By Randy Tucker
Enquirer staff writer
Federated Department Stores on Wednesday delivered disappointing second-quarter earnings, dragged down by a one-time charge of $59 million related to the company's repurchase of $273 million of its long-term debt.
The Cincinnati-based parent of Bloomingdale's, Macy's and Lazarus-Macy's posted earnings of $78 million, or 43 cents a share for the quarter, compared with $120 million, or 64 cents a share, in the same period a year ago.
Analysts on average expected 46 cents per share.
But Federated said its profits would have been 63 cents a share without the charge - slightly ahead of the company's prior guidance of 57 cents to 62 cents a share.
Despite the setback, Federated officials said they're confident that second-half sales will meet expectations of 1.5 percent to 3 percent growth, and the company has even raised profit forecasts for the full year by 10 cents to $3.70 to $3.80 a share.
Federated shares closed Wednesday down $1.52, about 3 percent, at $44.50.
"We're feeling good about the fall fashion," Karen Hoguet, Federated's chief financial officer, said in conference call with analysts. "We think the customer will continue to perform well."

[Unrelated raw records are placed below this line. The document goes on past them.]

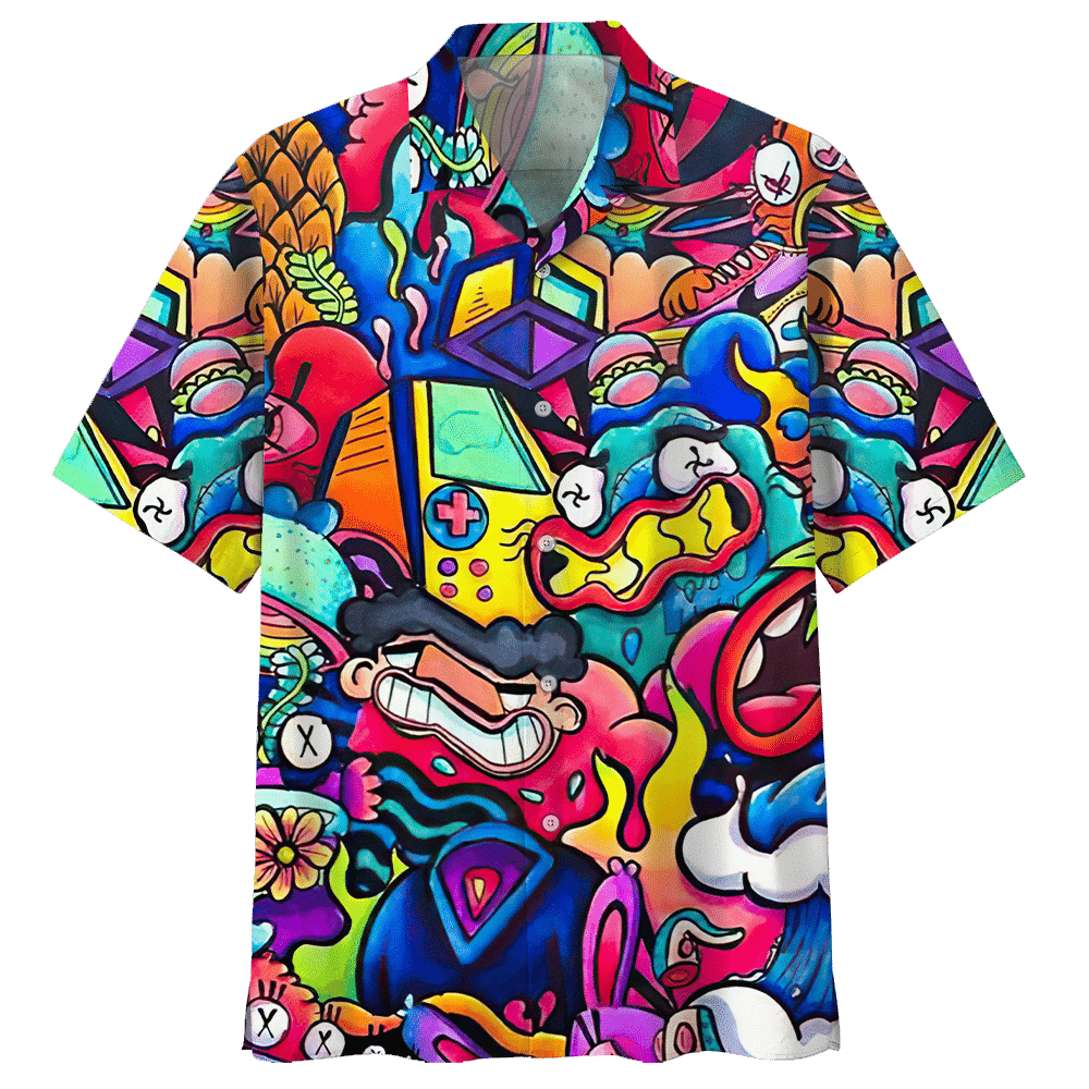 Hippie Funny Cartoon Aloha Hawaiian Shirt Summer Beach Shirt Unisex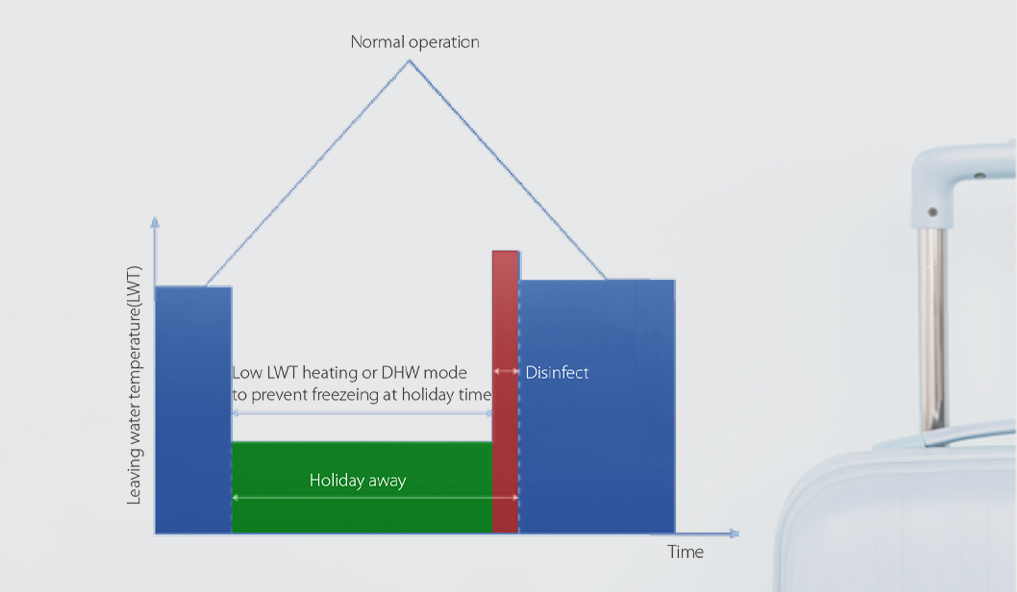 Функція «Відпустка» — це режим, призначений для підвищення надійності системи та економії енергії. Пристрій працює в режимі опалення та/або в режимі гарячого водопостачання з низькою температурою води, щоб запобігти замерзанню води взимку під час відсутності користувача. Користувач може заздалегідь встановити режим дезінфекції перед поверненням додому, щоб забезпечити наявність чистої та безпечної для використання гарячої води.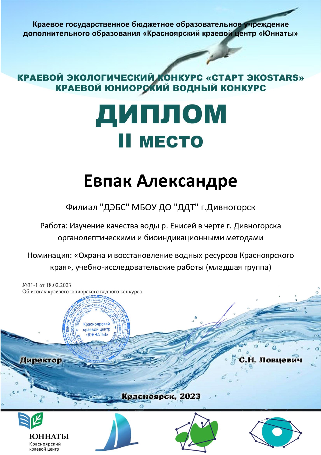 По итогам финала Конкурса в номинации «Охрана и восстановление водных ресурсов Красноярского края» дипломом за 2 место в младшей возрастной группе награждена Евпак Александра из 4 класса школы №4с учебно-исследовательской работой по теме «Изучение качества воды р. Енисей в черте г. Дивногорска органолептическими и биоиндикационными методами».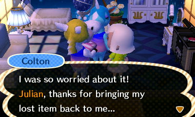 Hahaha oh my goodness! xP Besides that being an interesting series of seemingly connected dialogs, I think I have additional meaning i can add to it! 😛 The reason why he was giving all that fruit is because I sent fruit to him in letters over and over when he lived in my town, attempting to boost my friendship with him so that he would move quicker. When they receive gifts like that that they can’t put in their house, they tend to have it saved in a sort of inventory, and then they’ll randomly give you stuff in their inventory during trades, gifts for errands, etc. So he was giving you fruit from Citalune x3 But it’s also pretty cute that your two deer Deirdre and Erik seem to be forming a connection already! ^^ I’ve mentioned before on my blog that Gloria and Rod continually reference each other over and over, in almost a sort of romantic way. Like Rod’s always giving Gloria presents and musing to me about how he’s going to talk to her or ask her to go on something that sounds like a date to me 😛 But I tend to forget to take pictures when these instances occur, or move past the dialog too quickly.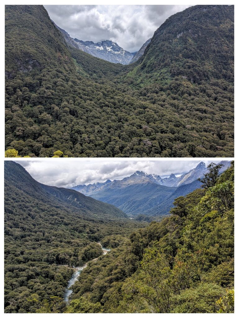 From this vantage point we looked across the valley and up towards the hanging valley that holds Lake Marian. There is a trail somewhere under that vegetation up to the lake! We also looked down into the Hollyford Valley where Marian Falls flows into the Hollyford river/Whakatipu Kā Tuka river, where another famous NZ Walk, the Hollyford Track travels. We returned to our little cabin on Lake Manapouri and enjoyed our last night on the edge of Fiordland National Park.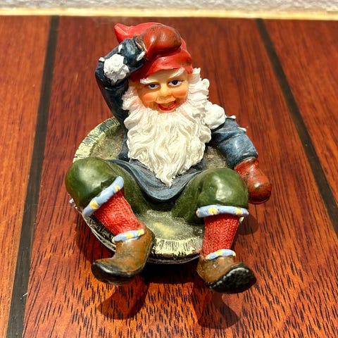Hedlund nissefigurer for juledekorasjon. To figurer med tradisjonell rød lue, blå bukser og røde klær. Laget i porselen, egnet for innendørs bruk i julen. De kan også bære en flaske på ryggen. Ingen nag eller skader bare spor av underlag. 13 x 9 cm. Selges for kr 200 pr stk. Kan hentes i Stavanger eller sendes mot porto.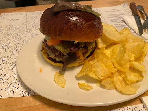 Nos sirven la comanda y justo cuando hemos hincado el diente a la hamburguesa viene otro chico, que creo que será el dueño, y nos dice: "se lo estamos diciendo a todos los dueños de perro, que cuando vengais a cenar vengais sin perro o os quedeis en la terraza".

Total sales in the second quarter rose 3.3 percent to $3.5 billion from $3.4 billion last year.
Sales at stores open at least a year also rose 3.3 percent.
One analyst said he sees little reason for concern.
"Outside of the debt retirement, Federated's second-quarter results also reflected a number of one-time items related to the centralization of its Home Store business and store closings," said Jeff Stinson, who follows Federated for Midwest Research.